When the shelling stopped, around 800 Bolshevik infantrymen, supported by heavy machine guns advanced on the American positions wielding bayonets, automatic rifles and muskets. American troops began firing at the Bolsheviks, but they were severely outgunned and outnumbered by the Red Army. They were in danger of encirclement, and were ordered to fall back to Vysokaya Gora. The American troops conducted a fighting withdrawal, pulling back their forces while maintaining contact with the enemy. The allied position around Shenkursk, including Ust-Padenga was being attacked from three sides, meaning the outnumbered American force had less of an advantage against the more prepared, larger Russian force.
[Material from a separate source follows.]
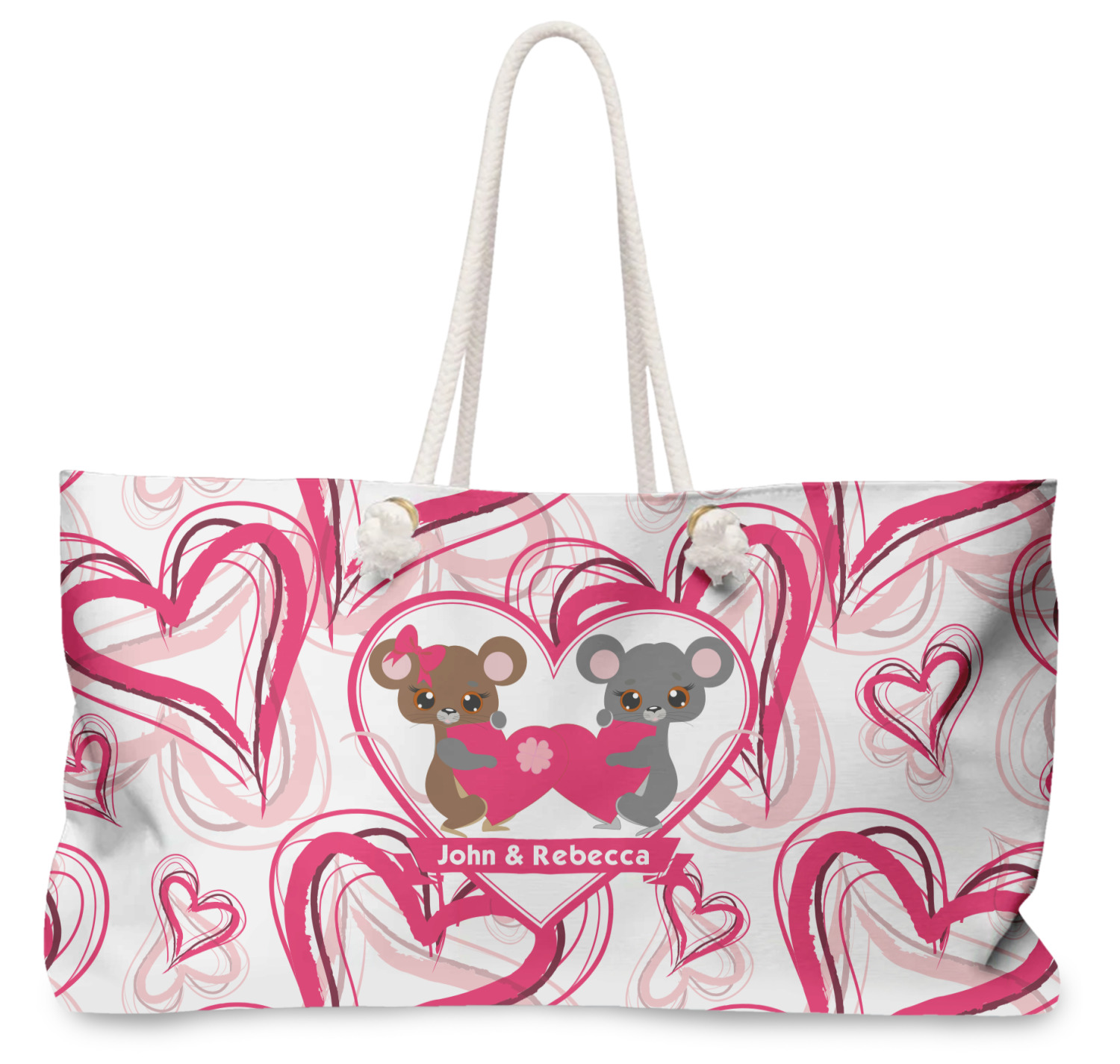 These weekender totes can be customized front and back. The totes are full all over print - so the choice of how background are endless - from beautiful floral or leaf patterns to geometrics or some classic Van Gogh artwork - the possibilities are endless. The totes can also be decorated with photos and logos.

As the Red Army neared, with bayonets fixed on their guns, Mead and his soldiers retreated. They ran through the village, from house to house. At last, Mead made it to the next village, filled with American soldiers.

== Aftermath ==
Of Mead's 47-man platoon, 25 died that day, and another 15 were injured. The evacuation of Ust Padenga was necessary and the Allied troops to the west and east of Shenkursk fell back. It was a crushing defeat for the Americans, and a pivotal point in the North Russia intervention. The Bolshevik victory at Ust Padenga and the subsequent American retreat from Shenkursk was a significant defeat for the Allied forces.